Task to carry out: Retype the lines from the first one in the records down to the line containing "Il video è stato", counting both, and leave out any pictures.

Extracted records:
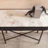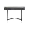 KONSOLA na stalowych nogach, z teksturalnym, drewnianym korpusem i marmurowym blatem w bieli, nowoczesna i subtelnie elegancka
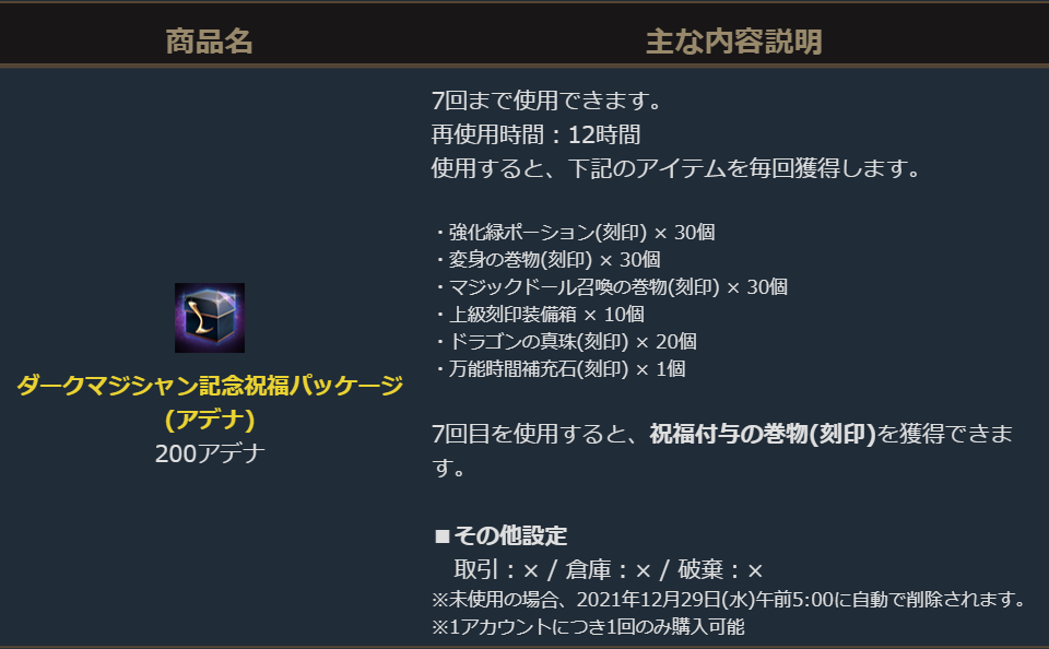 「ダークマジシャン記念パッケージ(アデナ)」は12時間おきに1回使用でき、冒険に役立つアイテムが毎回入手できます。
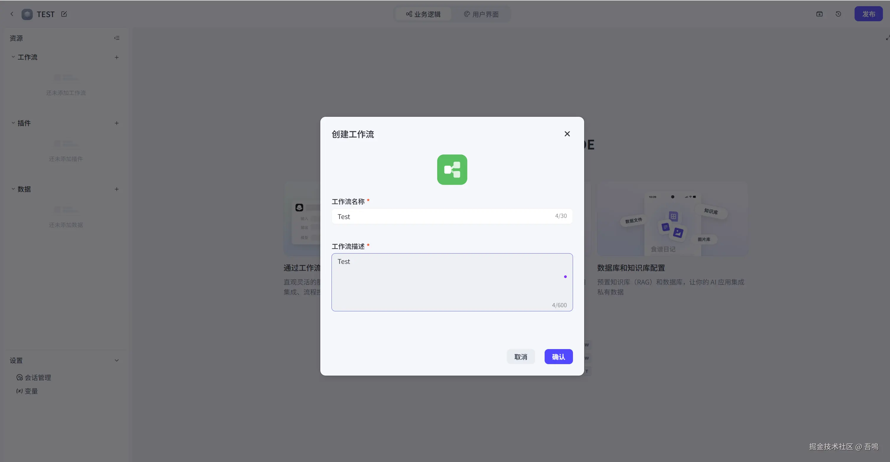 首先,需要新建一个工作流,左侧菜单栏,工作流最右边的加号,点击添加工作流。输入工作流名称和工作流描述。工作流创建好之后,就可以看到开始节点和结束节点。
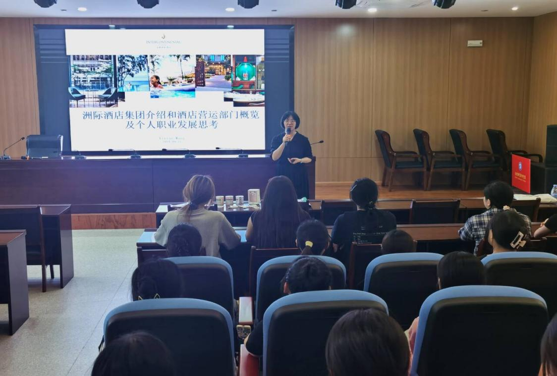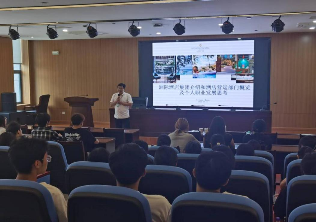 在图书馆一楼报告厅,2024级酒店管理与数字化运营专业的新生入学教育,分为”洲际酒店集团和酒店运营其个人职业发展思考”的专题讲座和专业介绍两个部分开展。洲际酒店高管王晓洁介绍了世界一流品牌酒店集团——洲际酒店在中国的发展历程、发展规模、洲际酒店集团运营的模式、个人职业选择及洲际酒店集团人才发展成长路径等方面的情况,专业负责人杨世河教授对酒店管理与数字化运营专业的教学情况、取得的成绩及主要特色作了详细讲解,学生们听得认真,现场互动氛围十分热烈。
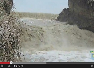 Il video è stato girato ieri, 5 marzo, dai tecnici della Provincia di Bologna, ed è impressionante. Le immagini mostrano uno squarcio nell'argine del torrente Quaderna. -
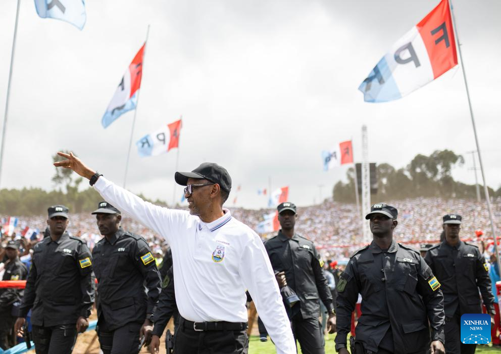 Rwandan President Paul Kagame waves during the launch of presidential campaign in Musanze, Rwanda, June 22, 2024. (Rwandan Office of the President/Handout via Xinhua)

Task output:
 KONSOLA na stalowych nogach, z teksturalnym, drewnianym korpusem i marmurowym blatem w bieli, nowoczesna i subtelnie elegancka
 「ダークマジシャン記念パッケージ(アデナ)」は12時間おきに1回使用でき、冒険に役立つアイテムが毎回入手できます。
 首先,需要新建一个工作流,左侧菜单栏,工作流最右边的加号,点击添加工作流。输入工作流名称和工作流描述。工作流创建好之后,就可以看到开始节点和结束节点。
 在图书馆一楼报告厅,2024级酒店管理与数字化运营专业的新生入学教育,分为”洲际酒店集团和酒店运营其个人职业发展思考”的专题讲座和专业介绍两个部分开展。洲际酒店高管王晓洁介绍了世界一流品牌酒店集团——洲际酒店在中国的发展历程、发展规模、洲际酒店集团运营的模式、个人职业选择及洲际酒店集团人才发展成长路径等方面的情况,专业负责人杨世河教授对酒店管理与数字化运营专业的教学情况、取得的成绩及主要特色作了详细讲解,学生们听得认真,现场互动氛围十分热烈。
 Il video è stato girato ieri, 5 marzo, dai tecnici della Provincia di Bologna, ed è impressionante. Le immagini mostrano uno squarcio nell'argine del torrente Quaderna. -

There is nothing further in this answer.